- Born: 8 December 1938 (age 87) Benin City, Edo State, Nigeria
- Education: University of Benin
- Occupation: Lawyer
- Years active: 1970-present

= Solomon Adun Asemota =

Nigerian lawyer (born 1938)

Solomon Adun Asemota (born December 8, 1938) is a Nigerian lawyer and Senior Advocate of Nigeria (SAN).

== Early life and education ==
Asemota was born on 8 December 1938 in Benin City, Edo State. He began his education in 1945 at St. Luke School in Jos, and later attended Immaculate Conception College in Benin City, completing his secondary education in 1958.

In 1959, he enrolled in the Cadet Sub-Inspectors’ Course at the Southern Police College in Ikeja, Lagos, followed by Advanced Police Training in 1962 at Wakefield Police College, Yorkshire, England. In 1969, he attended the Scottish Police College in Kincardine, Scotland, where he received senior officers’ training in organization and management.

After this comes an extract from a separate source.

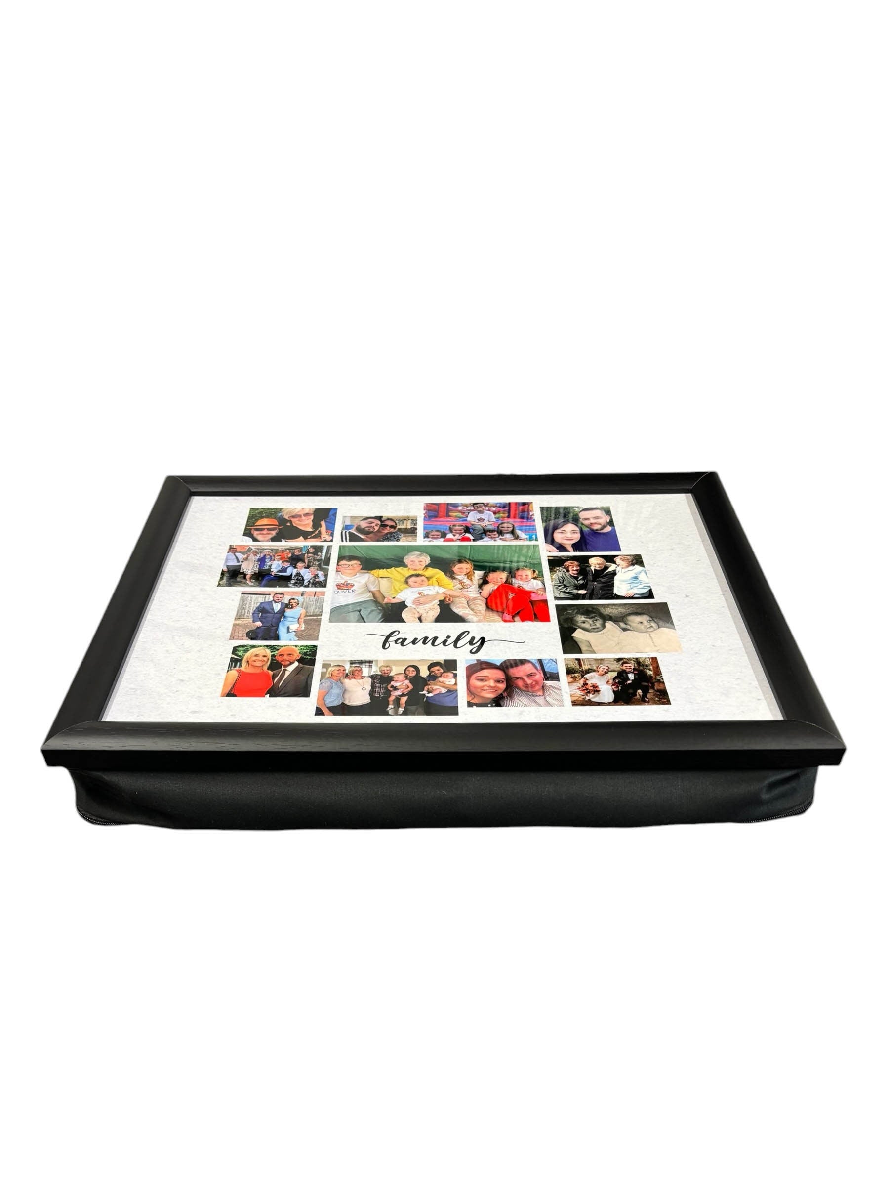 Capture your cherished memories with our unique personalised lap tray. This thoughtful gift is perfect for birthdays, Mother's Day, Christmas, or any special occasion. You can customise it with 13 of your own family photos and add personalised text. Not only is it a heartfelt gift, but it's also incredibly practical. The soft back, filled with polystyrene beads, ensures stability on your knee, allowing you to enjoy a meal comfortably, enjoy a drink and snacks, or keep your tools and accessories within easy reach during hobbies.

Between 1964 and 1969, Asemota studied Law at the University of Lagos, and earned a degree in Bachelor of Laws (LL.B. Hons). After completing his studies at the Nigerian Law School in 1970, he was called to the bar as a barrister.

== Career ==
Asemota founded the law firm Solomon Asemota & Co. in 1970, where he serves as principal partner. The firm maintains offices in Benin City, Lagos, Port Harcourt, Abuja and London.'

In 1986, he was conferred with the rank of Senior Advocate of Nigeria.